Atatürk Chest Diseases and Thoracic Surgery Education and Research Hospital, 06280, Ankara, Turkey.
Surg Endosc. 2012 Oct;26(10):2969-74. doi: 10.1007/s00464-012-2260-1. Epub 2012 May 19.
Symptomatic airway obstructions are common with endobronchial exophytic tumors and may result in lethal complications. Recently, a cryorecanalization procedure has emerged that plays a role in the immediate management of airway obstruction. This study was conducted to investigate the value of cryorecanalization for the immediate management of endobronchial obstructive pathology and to determine the factors that affect the success of the procedure.

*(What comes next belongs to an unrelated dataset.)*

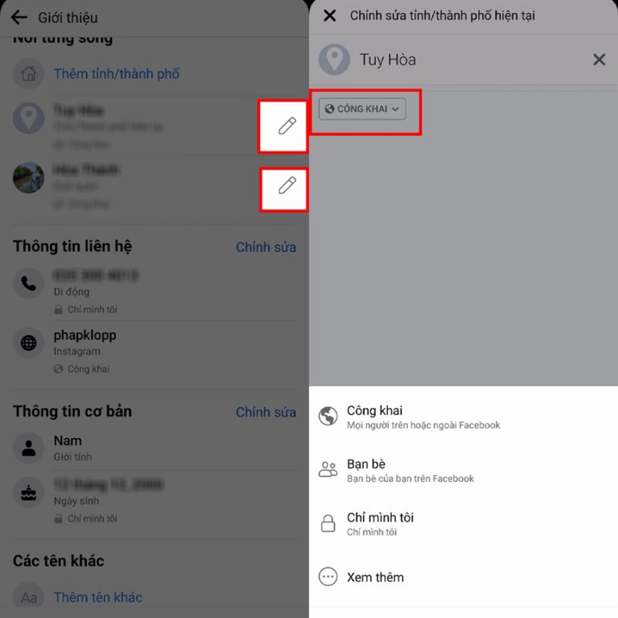 Bước 3: Tiếp theo, tại mục Nơi từng sống, bạn bấm vào biểu tượng bút chì ở phía sau mỗi nội dung. Khi đó, bạn sẽ được đưa đến một màn hình mới -> Bạn chọn vào chế độ chia sẻ ở bên dưới địa điểm -> Ấn vào Chỉ mình tôi hoặc Xem thêm để xem nhiều hơn các chế độ chia sẻ.
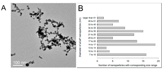TEM image of the aCaP nanoparticles used in this study (A) and size distribution (B).

We analyzed 40 patients with symptoms of airway obstruction who were admitted to our hospital from 2006 to 2010. Patients with exophytic stenosis due to primary bronchial or metastatic neoplasms who underwent cryorecanalization procedures were included. Patients were excluded if they had involvement of a major artery near the site of the intervention. The procedure was not performed on patients with coagulation abnormalities or thrombocyte count and aggregation problems. The data were collected retrospectively.
Successful cryorecanalization was achieved in 72.5 % of patients. We found that the success rate was mainly related to the presence of the distal involvement and the older age of obstruction. Restenosis rate was 17.2 %. [corrected] The mean survival time after the cryorecanalization procedure was 11 ± 12.7 months. No complications occurred in 14 patients. No severe bleeding was observed for any patients, and moderate hemorrhaging occurred in ten patients, which was stopped with an argon plasma coagulator. We experienced no intraoperative mortality.
Cryorecanalization is a successful and safe intervention for the immediate management of endobronchial stenosis. Appropriate patient selection and high success rates should be achieved after careful radiological assessments and with early management.
气道内外生肿瘤常导致气道阻塞症状,可能导致致命性并发症。近来,冷冻再通术已应用于气道阻塞的即刻处理,发挥着重要作用。本研究旨在探讨冷冻再通术即刻处理气道阻塞性病变的价值,并确定影响该操作成功率的因素。
我们分析了 2006 年至 2010 年间我院收治的 40 例有气道阻塞症状的患者。纳入接受冷冻再通术的原发性支气管或转移性肿瘤所致气道外生狭窄患者。排除病变部位附近有大血管受累、存在凝血功能异常、血小板计数和聚集问题的患者。所有数据均为回顾性收集。
72.5%的患者冷冻再通术成功。我们发现成功率主要与远端受累和阻塞的高龄有关。再狭窄率为 17.2%。[校正]冷冻再通术后的平均生存时间为 11±12.7 个月。14 例患者无并发症。无患者发生严重出血,10 例患者发生中度出血,用氩等离子凝固器止血。术中无死亡。
冷冻再通术是一种即刻处理气道内狭窄的有效且安全的介入方法。通过仔细的影像学评估和早期管理,可适当选择患者并获得较高的成功率。